Un fatto insolito al Tribunale di Milano: durante il processo di Osman Matammud, il somalo arrestato a Milano con l’accusa di aver torturato, ucciso e stuprato connazionali in un campo profughi da lui gestito in Libia, la sua gabbia è stata aperta. Il motivo? Concedergli un abbraccio con la figlia di 4 anni, che non aveva mai visto. Lo riferisce il sito di notizie giustiziami.it.

Osman Matammud ha 22 anni: un anno fa all’hub di via Sammartini a Milano due ragazze lo hanno riconosciuto e hanno raccontato di essere state stuprate da lui nel centro di Bani Walid, in Libia, che – secondo il loro racconto – lui gestiva. A Milano il somalo ha rischiato il linciaggio ed è poi stato arrestato con l’accusa di favoreggiamento dell’immigrazione clandestina. A gennaio le accuse nei suoi confronti sono diventate ben più gravi: gli vengono imputati quattro omicidi, sadiche torture e e decine di stupri.

LE ACCUSE CONTRO OSMAN MATAMMUD: OMICIDI, STUPRI, SADICHE TORTURE

I racconti delle vittime contenuti nel fascicolo a suo carico sono raccapriccianti: «In 40 anni di carriera non ho mai visto niente di simile», ha commentato Ilda Boccassini, che coordina l’inchiesta. Accuse sempre respinte da Osman Matammud, che sostiene di non aver mai gestito un centro profughi in Libia, di non aver mai fatto violenze contro nessuno (anzi, dice di essere stato torturato lui stesso durante il viaggio verso l’Europa e ne porta a conferma dei segni sulle gambe) e di non aver mai incontrato prima le persone che dicono di essere state sue vittime. Prova ne sarebbe – secondo il suo legale, l’avvocato Gianni Carlo Rossi – che «la persona che viene descritta negli atti, con accuse che sono pazzesche e devastanti, stride con lui che, prima di tutto, non ha un soldo, non può permettersi un avvocato di fiducia, cosa strana per un trafficante di uomini». La linea del difensore è che il suo assistito sia rimasto vittima di un conflitto tra clan somali.

OSMAN MATAMMUD E L’ABBRACCIO CON LA FIGLIA AL TRIBUNALE DI MILANO

Sarà il processo a chiarire se Osman Matammud sia uno dei più sadici torturatori che la storia recente ricordi o un giovanissimo padre, che quasi al termine della sua epopea per raggiungere moglie e figlioletta, è stato incastrato con false accuse. Nella gabbia degli imputati alla Corte d’Assise del Tribunale di Milano, però, oggi c’è lui, accusato di crimini atroci.

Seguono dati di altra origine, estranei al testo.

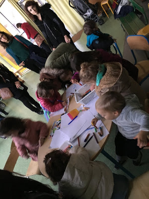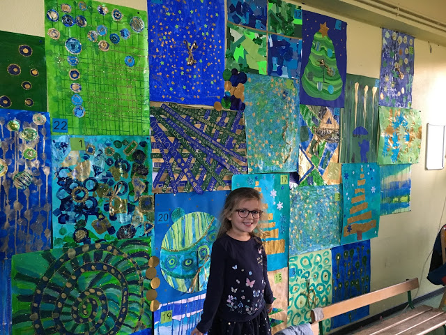 On a pu prendre le temps d’admirer une oeuvre commune des moyens de la classe de Lucie, et le calendrier de l’avent géant qui débutera lundi !
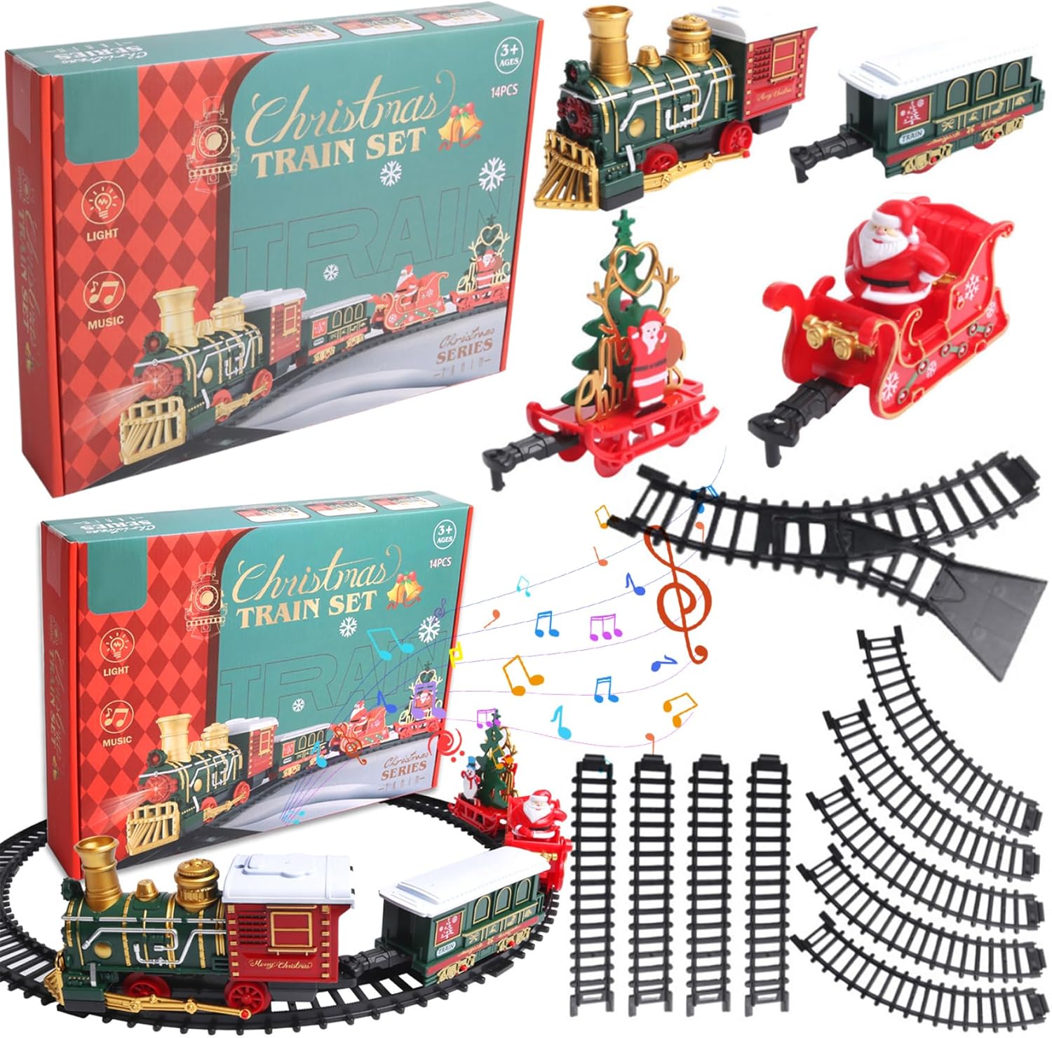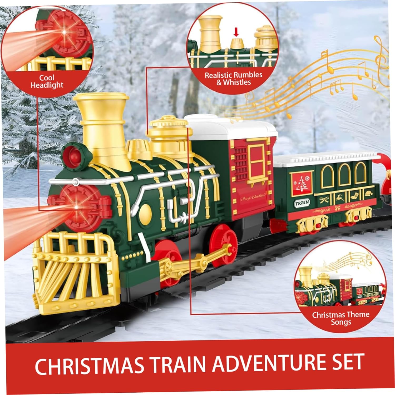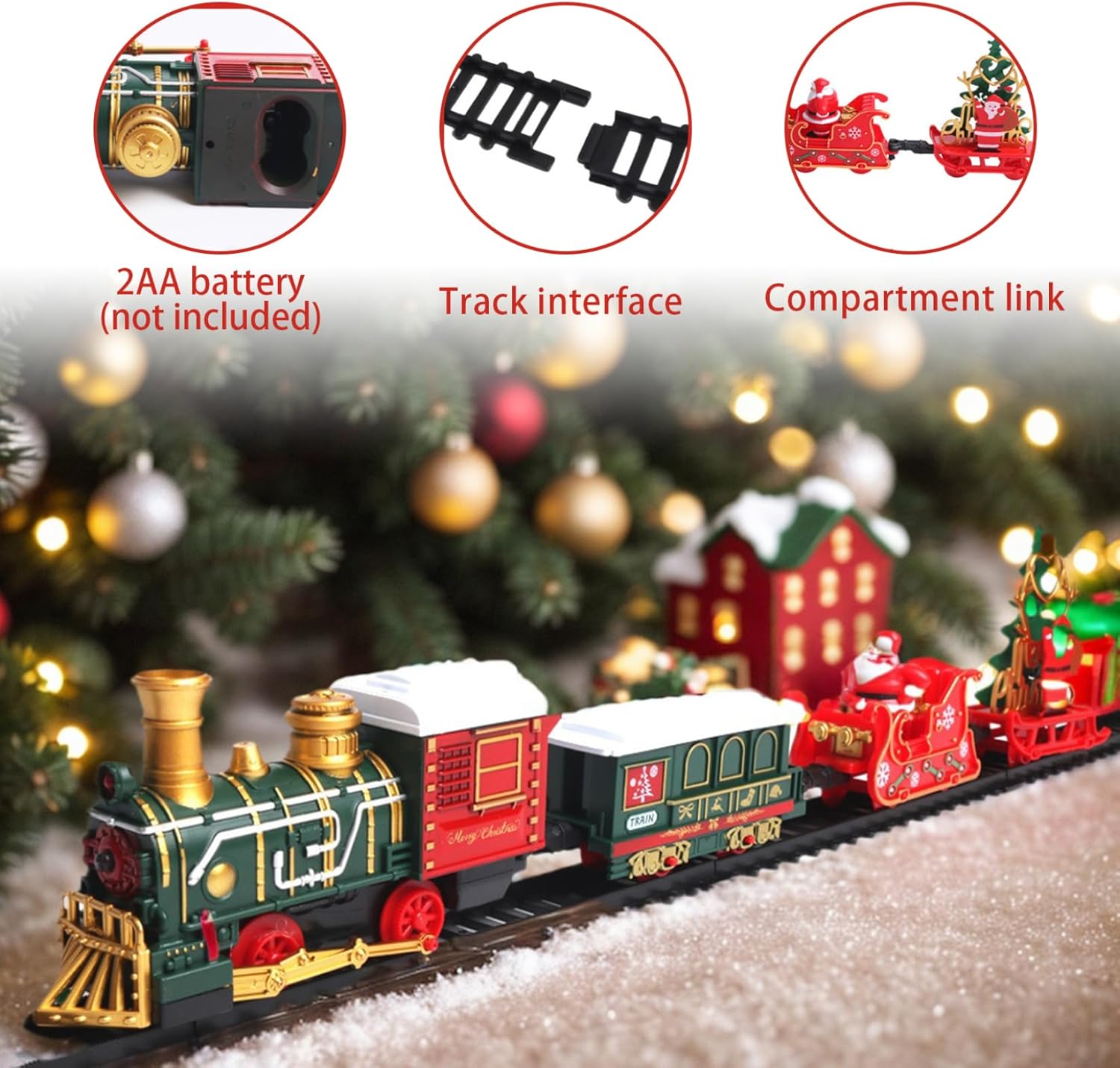 Assemblaggio intuitivo: non sono necessarie istruzioni complesse per godersi la magia del nostro set di treni!.Basta assemblare i binari e fissarli con i fermi inclusi per una configurazione senza soluzione di continuità..Basta premere l'interruttore e l'incanto ha inizio: perfetto per un'esperienza di vacanza senza problemi. Design sicuro: realizzato con materiali plastici di qualità, questo set di trenini natalizi è progettato per durare e longevità, rendendolo adatto alle mani dei più piccoli..Con bordi lisci e arrotondati, questo treno garantisce un'esperienza di gioco sicura, consentendo ai bambini di vivere deliziose avventure senza preoccupazioni. Squisite decorazioni natalizie: trasforma la tua casa in un paese delle meraviglie invernale con il nostro set di trenini natalizi splendidamente decorato..Dotato di carrozze affascinanti e di un faro abbagliante, questo squisito treno crea un'atmosfera magica perfetta per diffondere l'allegria natalizia e creare ricordi festivi. Intrattenimento versatile: che sia annidato sotto l'albero di Natale o sistemato tra i regali delle feste, questo set di treni porta gioia ai bambini dai 3 agli 8 anni e intrattenimento infinito per ogni occasione..Non è solo una decorazione;.è un'attività festosa che aggiunge calore ed eccitazione alla tua casa. Luci e suoni incantevoli: eleva lo spirito natalizio con le luci e la musica integrate del treno, suonando le classiche canzoni di Natale e Capodanno..Basta inserire 2 batterie AA (non incluse) e guardare come questo delizioso treno dà vita alle celebrazioni natalizie con i suoi suoni allegri e l'atmosfera luminosa.

Ieri alla sbarra dei testimoni è stata chiamata la moglie, che vive a Roma insieme alla figlia di quattro anni e non vede il marito da anni. Una deposizione durata due ore, mentre la bimba disegnava nella stanza accanto. Poi, al termine dell’udienza, l’avvocato di Matammud, Gianni Rossi, ha azzardato una richiesta insolita alla presidente della Corte, la giudice Giovanna Ichino: far salutare da Osman la figlia attraverso le sbarre. Il magistrato ha fatto ben di più, come riporta la cronista giudiziaria Manuela D’Alessandro su giustiziami.it:

Il magistrato si spinge oltre con un gesto definito dall’avvocato Rossi «di grandissima umanità». Va via dall’aula assieme agli altri giudici disponendo che le sbarre si aprano. La bimba può così abbracciare e riempire di baci per la prima volta il suo papà. Per lei l’uomo  indicato dalla legge come un presunto aguzzino e che per il suo avvocato è la vittima innocente di un conflitto tra clan è solo il papà di cui la mamma le ha parlato per tanto tempo.  Dieci minuti tra gli sguardi inteneriti di tutti i presenti in un’aula di Tribunale illuminata da una presenza infantile, come mai accade (i minori non possono entrare). La gabbia si chiude ma un agente della polizia penitenziaria vedendo la bambina esitare ad andarsene decide di spalancarla per l’ultima volta: «Dai, vai a salutare il tuo papà». E lei corre.